### [Data section]
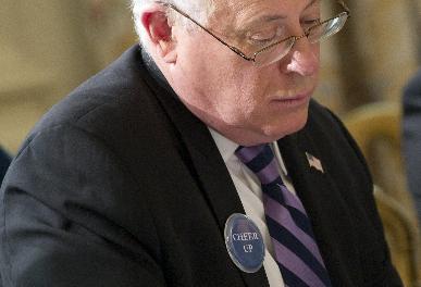 Gov. Pat Quinn’s button says “Cheer up.” Umm…
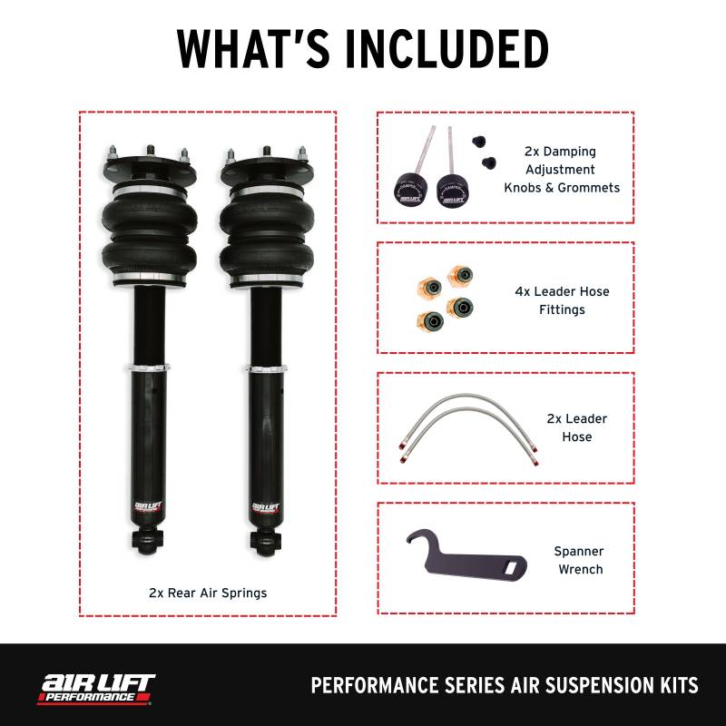 Get the stance you want and the performance you need with Air Lift Performance air suspension kits! Every kit we offer is fully engineered to properly fit your vehicle, provide unmatched static drop, and deliver ride and handling capability that exceeds factory suspensions. No other lowering suspension provides a more versatile package for daily use.
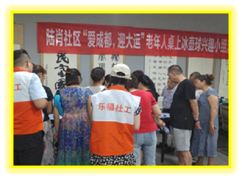 2020年8月6日上午,陆肖社区组织辖区老年朋友在新邻中心开展“爱成都·迎大运”桌上冰壶球活动。桌上冰壶球运动既能让老年人放松身体、得到锻炼,又能在团队赛中促进交流合作,是一项儒雅的君子运动,其运动量适中,安全性高,有助于老年人保持记忆思考能力,非常适合老年人参与。
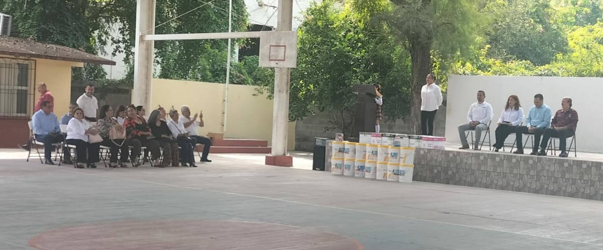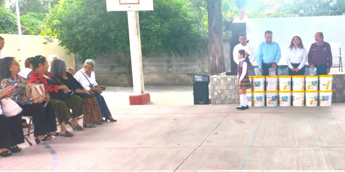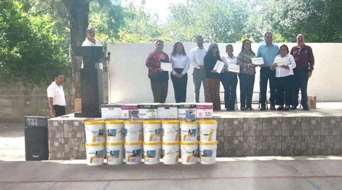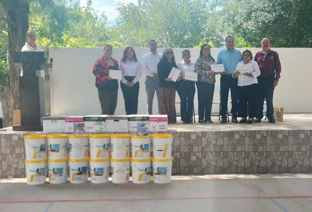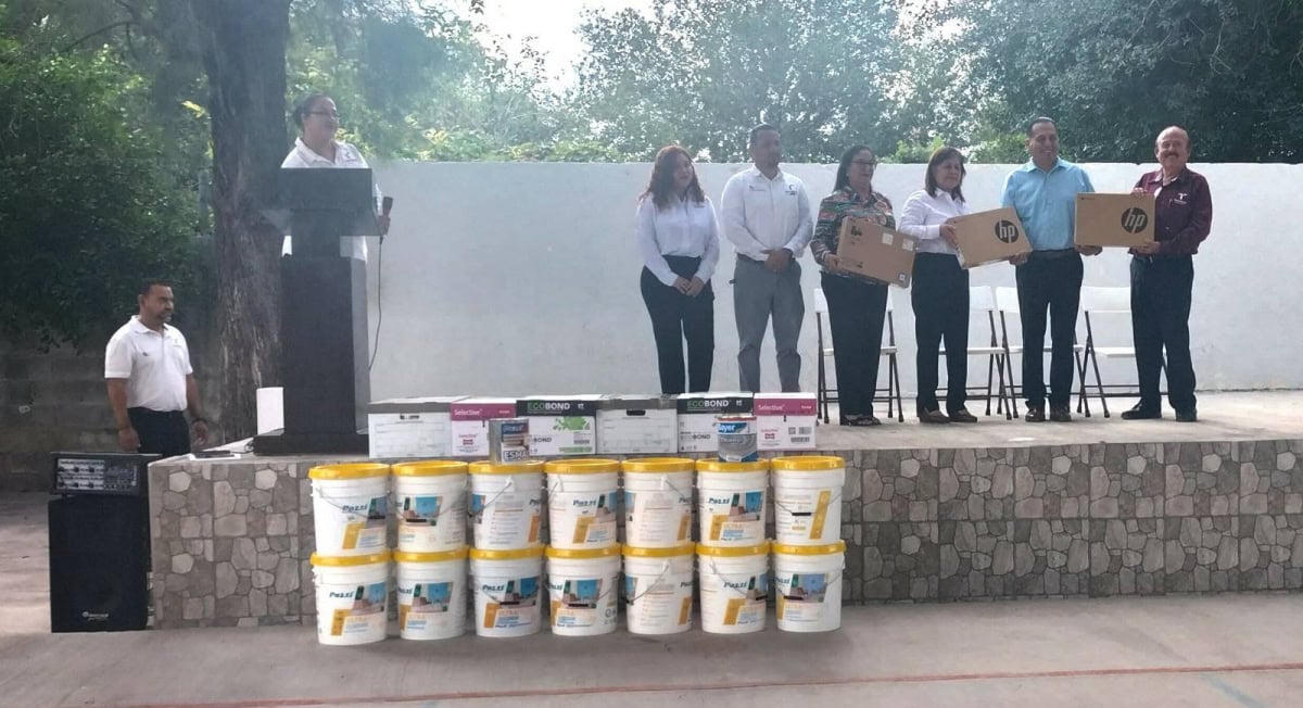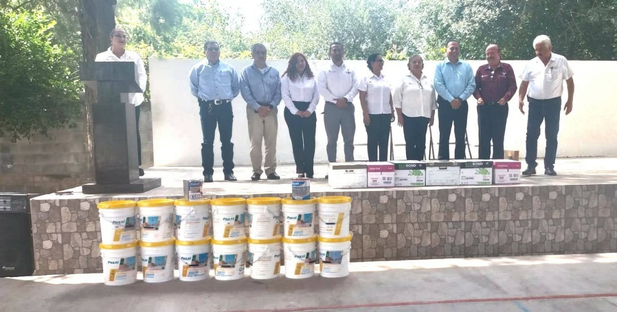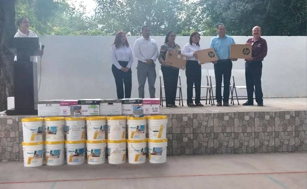 En visita trabajo, dotó de cubetas de pintura, computadoras portátiles a Supervisores de Primaria del sector 9, al Jefe de Sector 9 de primarias, y a la Jefa de Sector 9 de preescolar, asimismo entregó tabletas electrónicas a Supervisores escolares de preescolar y primaria.

### [Brief]
Copy the material above in full and exactly, skipping pictures.

### [Expected answer]
 Gov. Pat Quinn’s button says “Cheer up.” Umm…
 Get the stance you want and the performance you need with Air Lift Performance air suspension kits! Every kit we offer is fully engineered to properly fit your vehicle, provide unmatched static drop, and deliver ride and handling capability that exceeds factory suspensions. No other lowering suspension provides a more versatile package for daily use.
 2020年8月6日上午,陆肖社区组织辖区老年朋友在新邻中心开展“爱成都·迎大运”桌上冰壶球活动。桌上冰壶球运动既能让老年人放松身体、得到锻炼,又能在团队赛中促进交流合作,是一项儒雅的君子运动,其运动量适中,安全性高,有助于老年人保持记忆思考能力,非常适合老年人参与。
 En visita trabajo, dotó de cubetas de pintura, computadoras portátiles a Supervisores de Primaria del sector 9, al Jefe de Sector 9 de primarias, y a la Jefa de Sector 9 de preescolar, asimismo entregó tabletas electrónicas a Supervisores escolares de preescolar y primaria.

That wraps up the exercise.